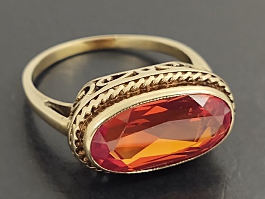 SIZE 9 1/2. WEIGHS 4.9 GRAMS. THIS AMAZING RING DISPLAYS SO WELL.. JUST LOOK AT THE COLOR OF THIS SAPPHIRE POP. THE SAPPHIRE IS ABOUT 4.60ct. BEAUTIFUL ART DECO DESIGN. THERE IS A LITTLE WEAR TO A COUPLE EDGES OF THE FACETS, BUT YOU REALLY CANT SEE THAT WITHOUT LOOKING FOR IT WITH A JEWELERS LOOP. THIS IS TRULY AN AMAZING RING.
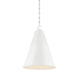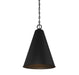 This Meridian 1-light pendant flaunts an opaque cone-shape shade and a chain with interlocking circles, making for a fetching geometric look. It is finished in matte black and is great for bringing focused, directed light to areas like kitchen islands. This pendant is 27.75 inches in height and 18 inches in width, plus it includes 120 inches of chain to let you adjust the hanging height as needed. The ceiling canopy is 5.13 inches in diameter and 0.88 inch in height. This pendant uses 1 medium size bulb of up to 60 watts, is LED compatible and is dimmable.
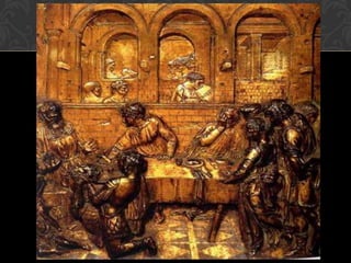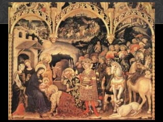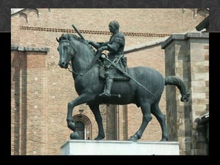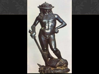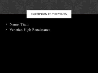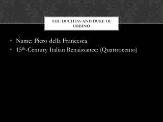 The document provides information on 57 artworks from various periods including the Proto-Renaissance, 15th century Northern and Italian Renaissance, High Renaissance, and International Gothic. It lists the artist, title, date, and movement for each work. The works are by artists such as Giotto, Donatello, Van Eyck, Da Vinci, Michelangelo, and others. It covers a wide range of mediums and subject matters.
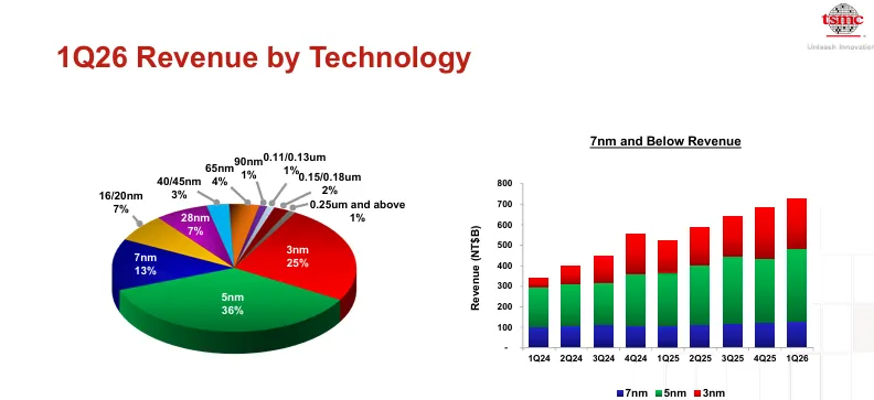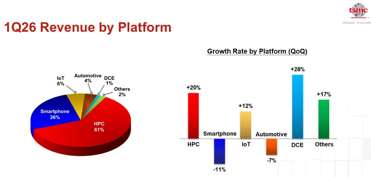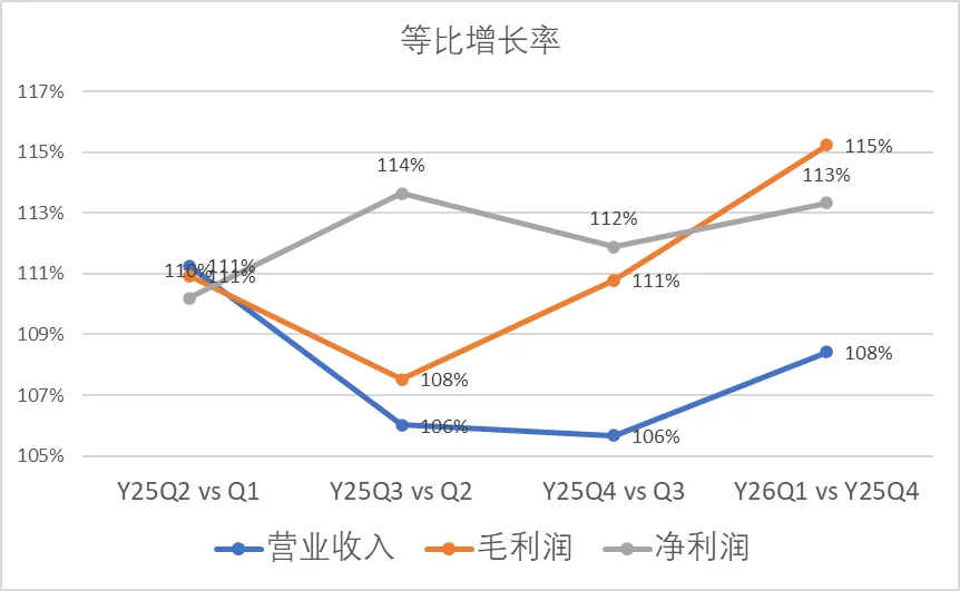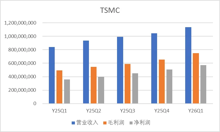 台积电发了2025年年报和26年一季度报。报告很长,摘选几个核心要点:- 2纳米技术已经具备量产能力。(Our 2-nanometer technology successfully entered high volume manufacturing in 4Q’25, with good yield, and we expect a fast ramp in 2026.)- 3D封装研发持续中。(lso developing advanced packaging and 3D chip stacking technologies, including CoWoS®, InFO, TSMC-SoIC® (System on Integrated Chips) and TSMC-COUPETM (Compact Universal Photonic Engine), to enable)- 继续高看AI需求。(cts the strong demand for AI to continue, while other non-AI markets are expected to be softer. The Company also anticipat)第一大客户25年需求是24年一倍多。看看季度营业收入,毛利润,净利润绝对值变化:毛利润率,净利润率连续上升,26年Q1的毛利润率继续增速扩大,而净利润率增速放缓,应该和扩大投资有关系。最后,TSMC表示,看好2026年,预估全年增长率30%,是不是保守了一些?
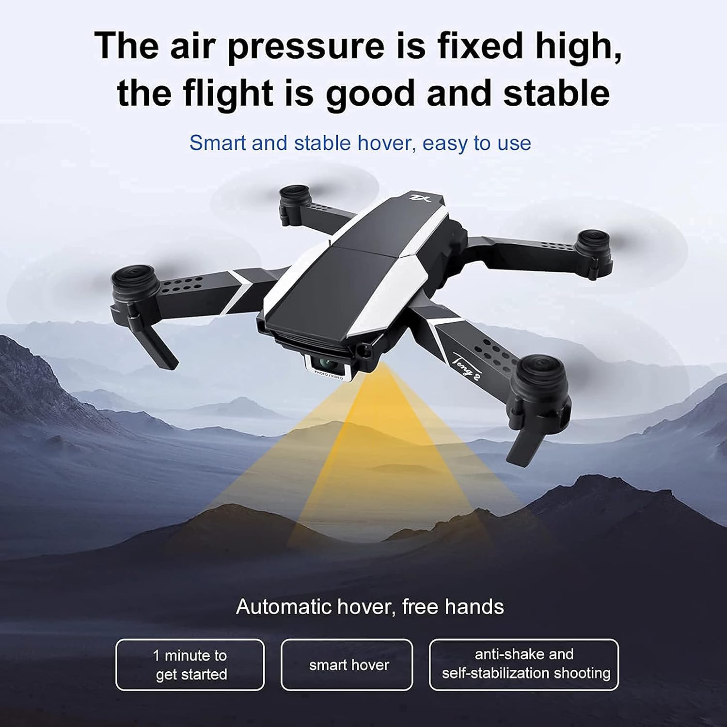 2 Batteries RC 4K Drone Dual HD Camera WiFi Aerial Photography Foldable Quadcopter with Headless Mode Hand Gesture Photographing Steady Hover Gravity Sensor Headless Mode with Storage
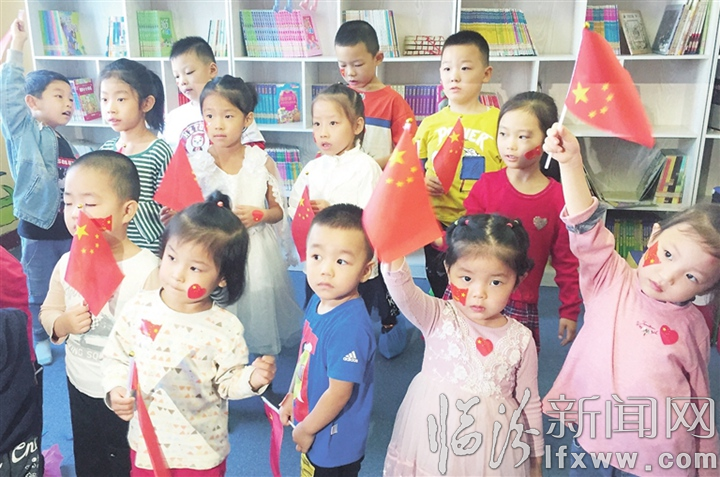 小朋友们手持小红旗,听图书馆工作人员讲解“国庆节”来历。记者 亢亚莉 摄
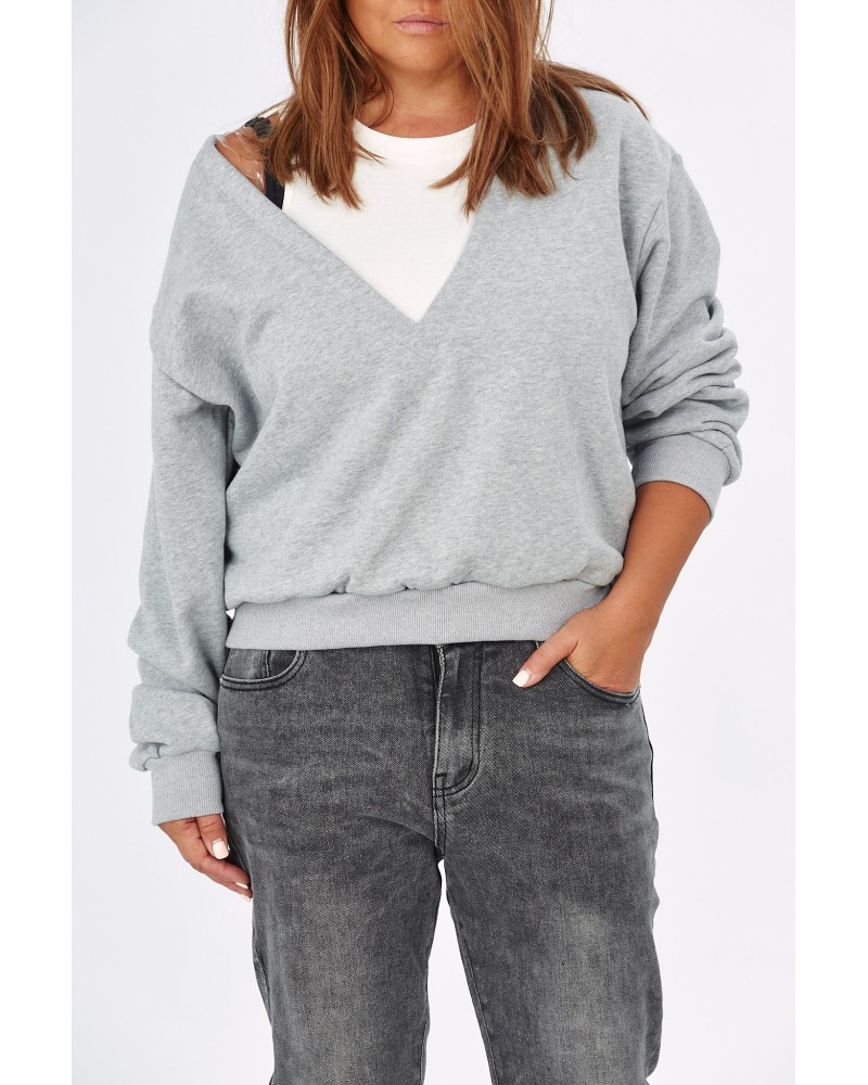 Hoodie Grigio Boyfriend Suprapus TOP Wht
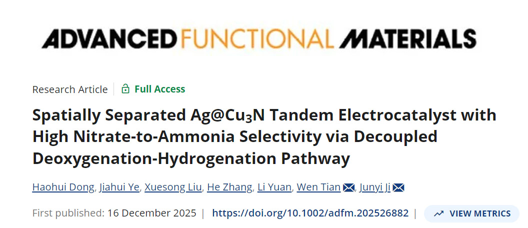 吉俊懿教授团队在《Advanced Functional Materials》期刊发表了关于硝酸根还原高性能串联电催化剂设计的研究论文“Spatially Separated Ag@Cu3N Tandem Electrocatalyst with High Nitrate-to-Ammonia Selectivity via Decoupled Deoxygenation-Hydrogenation Pathway”。硕士研究生董浩辉为论文第一作者,吉俊懿教授和田文高级实验师为论文共同通讯作者,我校为论文唯一通讯单位。
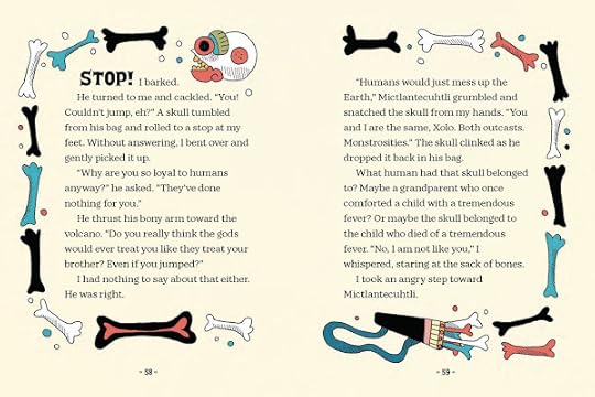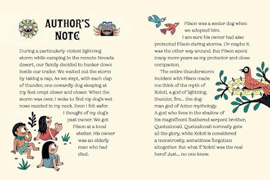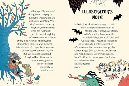 The illustrator snuck in a little reference to axolotls, which were named for Xolotl. That's fun. Another Xolo book out this year would be a good companion read: Popo the Xolo. It's about a Xolo dog guiding a grandma through death.
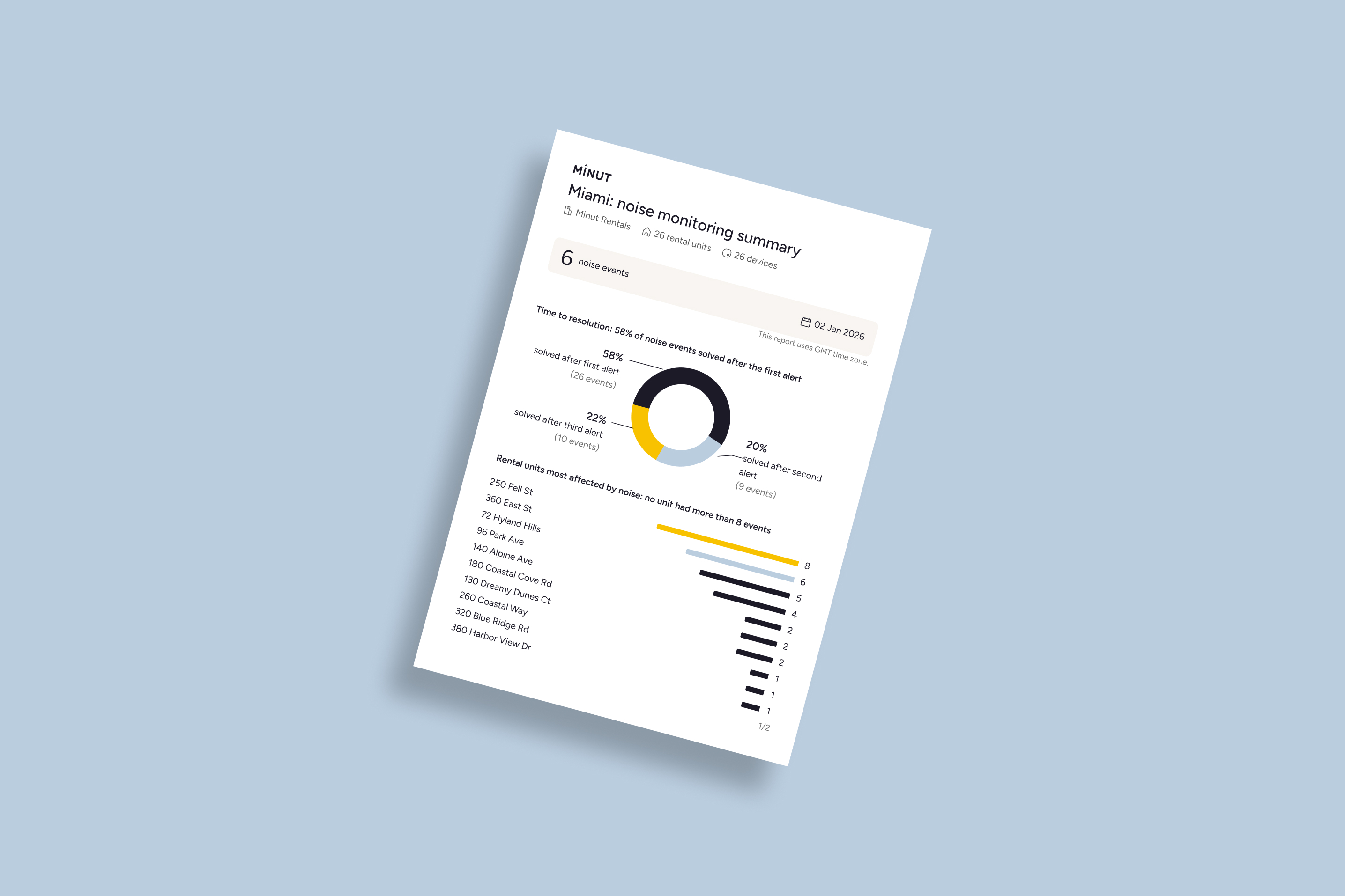 From July 2026, Brisbane’s Short Stay Accommodation Law will hold operators accountable for guest behavior and requires a response to every noise complaint within 60 minutes. Minut alerts you before the complaint is even made, across every property in your portfolio.
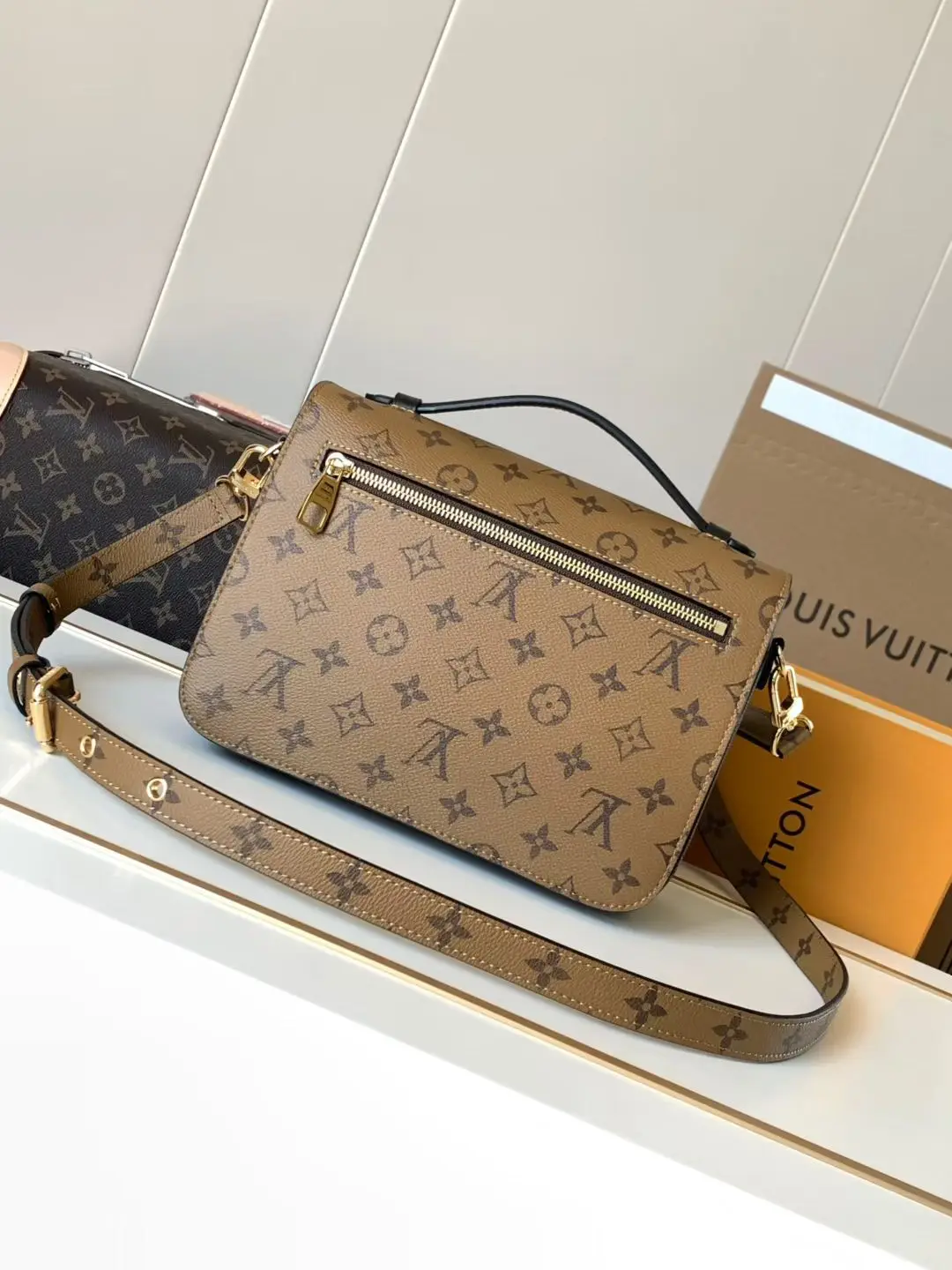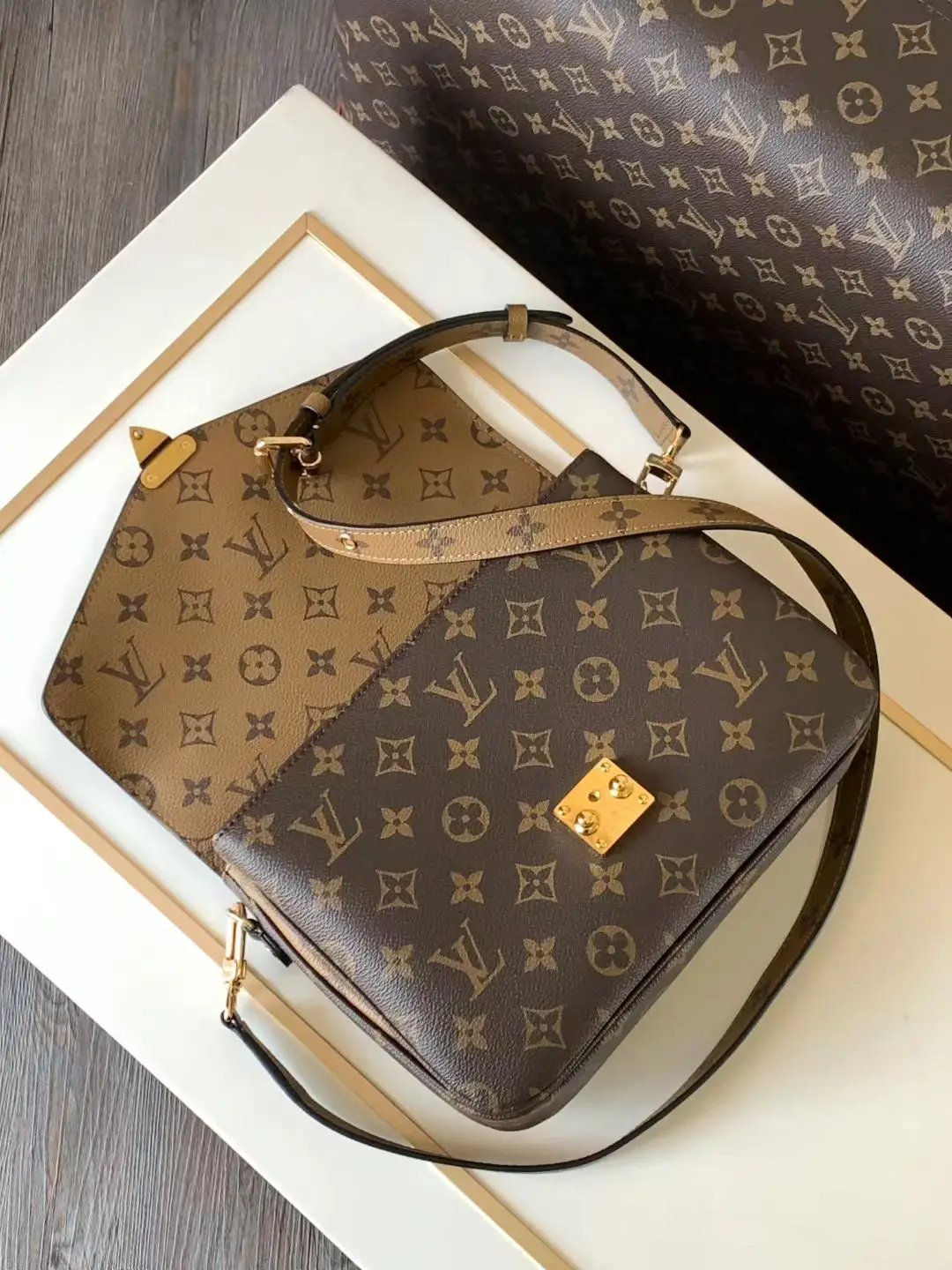 Top original, exclusive real shot of M44876! This Pochette Metis handbag features a stylish shoulder backpack design, rich in trendiness. The compact bag is made of fashionable Monogram Reverse canvas and is equipped with the iconic S-lock closure, with a polished surface that shines brilliantly. It is multifunctional and spacious. The fashionable top handle and detachable long shoulder strap make it convenient for shoulder or crossbody wear. It is a great companion for daily outings. Size: 25×19×7cm
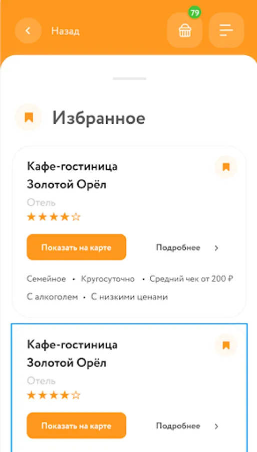 The service allows you to book parking spaces, including for large vehicles, hotel rooms, as well as takeaway dishes if such an option is available in the institution.
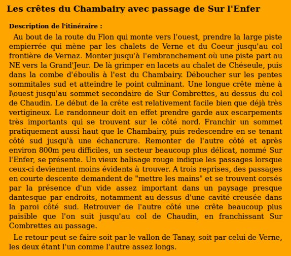 | Sommet(s) franchi(s) : Chambairy, Sur Combrettes. | Col(s) franchi(s) : Col de Chaudin. |
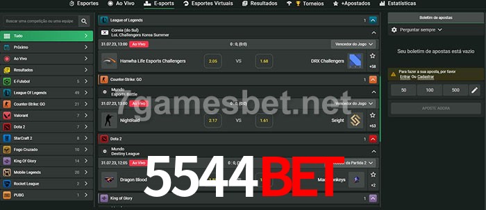O 5544Bet oferece uma grande seleção de opções de apostas em e-sports com probabilidades competitivas

· · · · · · ·

■ WHAT IS NEEDED ■
Return the material from the line containing "Hoodie Grigio Boyfriend Suprapus TOP Wht" through the line containing "From July 2026, Brisbane’s", exactly and in full, but without its pictures.

■ RESPONSE AREA ■
 Hoodie Grigio Boyfriend Suprapus TOP Wht
 吉俊懿教授团队在《Advanced Functional Materials》期刊发表了关于硝酸根还原高性能串联电催化剂设计的研究论文“Spatially Separated Ag@Cu3N Tandem Electrocatalyst with High Nitrate-to-Ammonia Selectivity via Decoupled Deoxygenation-Hydrogenation Pathway”。硕士研究生董浩辉为论文第一作者,吉俊懿教授和田文高级实验师为论文共同通讯作者,我校为论文唯一通讯单位。
 The illustrator snuck in a little reference to axolotls, which were named for Xolotl. That's fun. Another Xolo book out this year would be a good companion read: Popo the Xolo. It's about a Xolo dog guiding a grandma through death.
 From July 2026, Brisbane’s Short Stay Accommodation Law will hold operators accountable for guest behavior and requires a response to every noise complaint within 60 minutes. Minut alerts you before the complaint is even made, across every property in your portfolio.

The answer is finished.